→ The data:
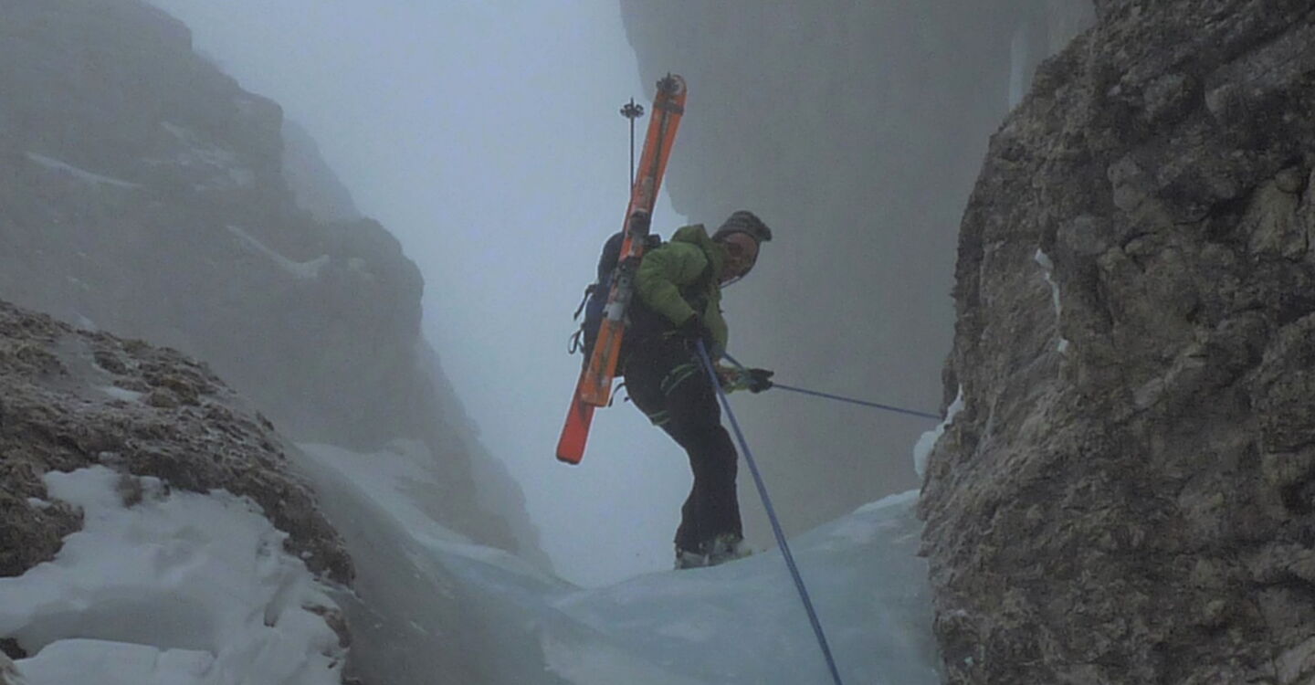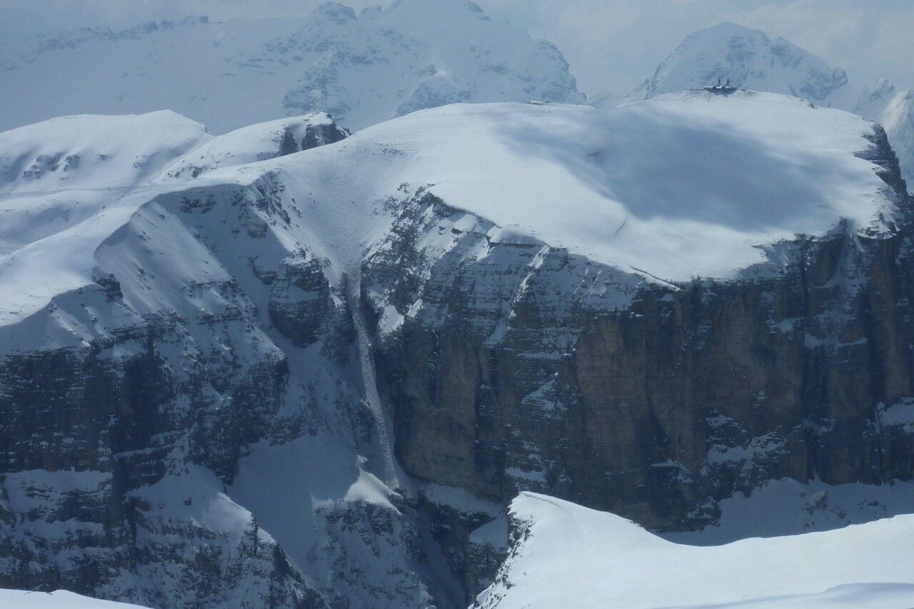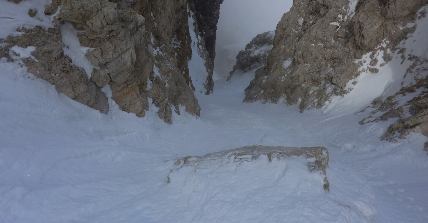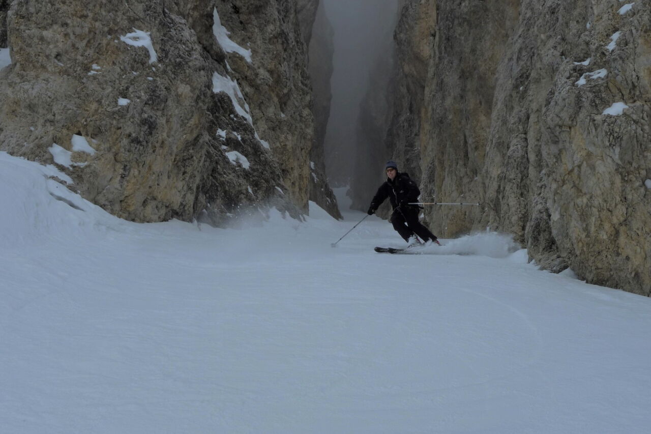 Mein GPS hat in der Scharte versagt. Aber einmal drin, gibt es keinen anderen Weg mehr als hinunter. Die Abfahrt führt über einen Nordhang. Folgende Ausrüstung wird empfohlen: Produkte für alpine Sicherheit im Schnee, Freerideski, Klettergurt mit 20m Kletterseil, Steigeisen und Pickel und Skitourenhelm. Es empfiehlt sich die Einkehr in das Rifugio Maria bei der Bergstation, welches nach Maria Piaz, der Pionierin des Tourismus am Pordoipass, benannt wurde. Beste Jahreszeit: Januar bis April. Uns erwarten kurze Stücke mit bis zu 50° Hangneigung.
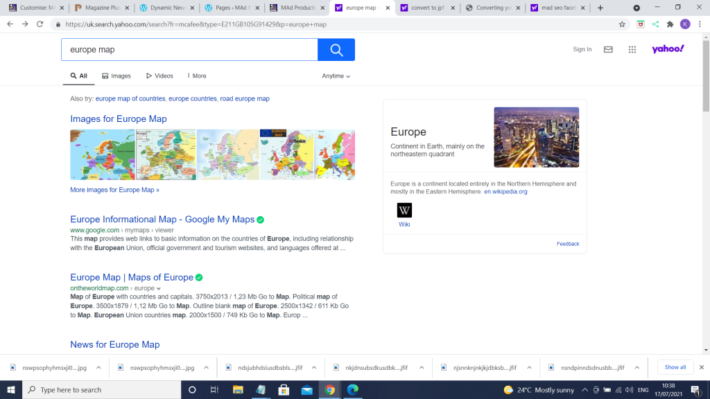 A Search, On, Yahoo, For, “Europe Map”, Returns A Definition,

---

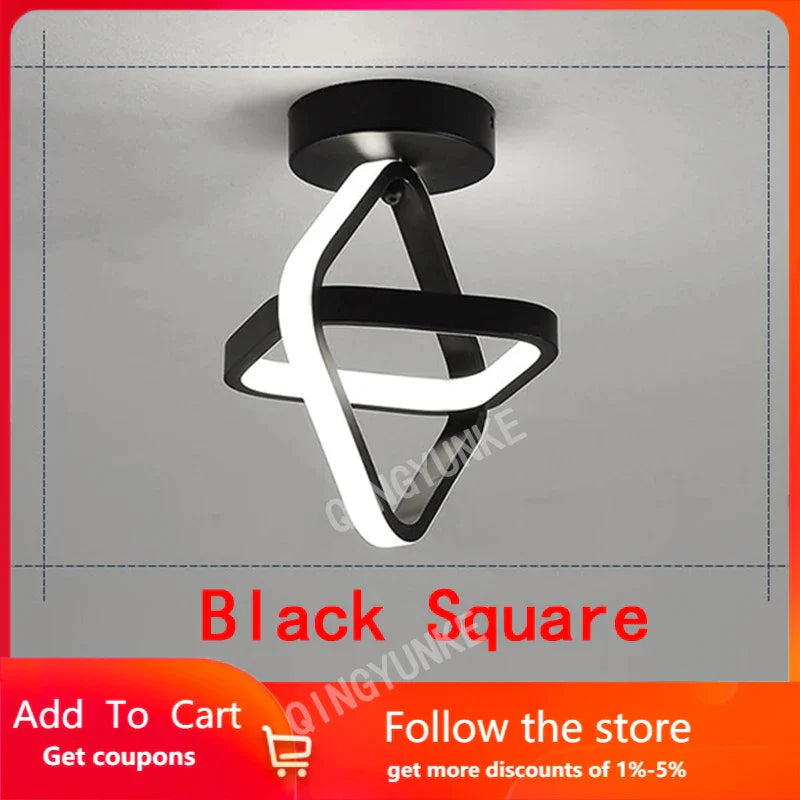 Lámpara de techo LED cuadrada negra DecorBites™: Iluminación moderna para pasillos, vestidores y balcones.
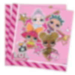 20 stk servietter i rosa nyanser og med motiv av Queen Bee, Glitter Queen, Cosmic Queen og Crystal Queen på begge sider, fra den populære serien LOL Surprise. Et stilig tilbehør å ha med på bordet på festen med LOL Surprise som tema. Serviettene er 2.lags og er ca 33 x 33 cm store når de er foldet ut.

...

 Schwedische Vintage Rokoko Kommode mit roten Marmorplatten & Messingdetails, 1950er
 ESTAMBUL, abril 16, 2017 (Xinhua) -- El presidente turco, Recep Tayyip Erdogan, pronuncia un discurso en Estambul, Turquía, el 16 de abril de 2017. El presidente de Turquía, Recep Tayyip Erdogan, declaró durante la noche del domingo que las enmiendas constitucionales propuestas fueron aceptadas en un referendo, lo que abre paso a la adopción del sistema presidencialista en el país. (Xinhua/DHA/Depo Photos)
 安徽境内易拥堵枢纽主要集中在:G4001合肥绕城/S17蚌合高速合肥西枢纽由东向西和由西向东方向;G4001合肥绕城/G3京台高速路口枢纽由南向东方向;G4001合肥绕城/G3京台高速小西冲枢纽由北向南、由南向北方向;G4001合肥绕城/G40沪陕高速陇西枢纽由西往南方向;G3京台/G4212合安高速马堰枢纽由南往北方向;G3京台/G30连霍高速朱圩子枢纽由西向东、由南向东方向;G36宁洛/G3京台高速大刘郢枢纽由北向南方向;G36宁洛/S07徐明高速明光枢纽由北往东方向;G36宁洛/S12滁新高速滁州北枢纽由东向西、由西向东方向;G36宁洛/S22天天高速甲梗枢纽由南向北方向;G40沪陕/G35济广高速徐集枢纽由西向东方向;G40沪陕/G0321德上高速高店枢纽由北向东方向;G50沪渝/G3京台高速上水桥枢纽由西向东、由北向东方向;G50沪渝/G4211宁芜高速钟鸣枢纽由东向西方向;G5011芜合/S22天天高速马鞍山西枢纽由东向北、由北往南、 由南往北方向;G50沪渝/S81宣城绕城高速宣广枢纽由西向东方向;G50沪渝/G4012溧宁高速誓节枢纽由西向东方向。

→ Task to carry out: "Lámpara de techo" marks the first line to copy, and "20 stk servietter" marks the last. Repeat that stretch above exactly, with no pictures.

→ Exercise response:
 Lámpara de techo LED cuadrada negra DecorBites™: Iluminación moderna para pasillos, vestidores y balcones.
 20 stk servietter i rosa nyanser og med motiv av Queen Bee, Glitter Queen, Cosmic Queen og Crystal Queen på begge sider, fra den populære serien LOL Surprise. Et stilig tilbehør å ha med på bordet på festen med LOL Surprise som tema. Serviettene er 2.lags og er ca 33 x 33 cm store når de er foldet ut.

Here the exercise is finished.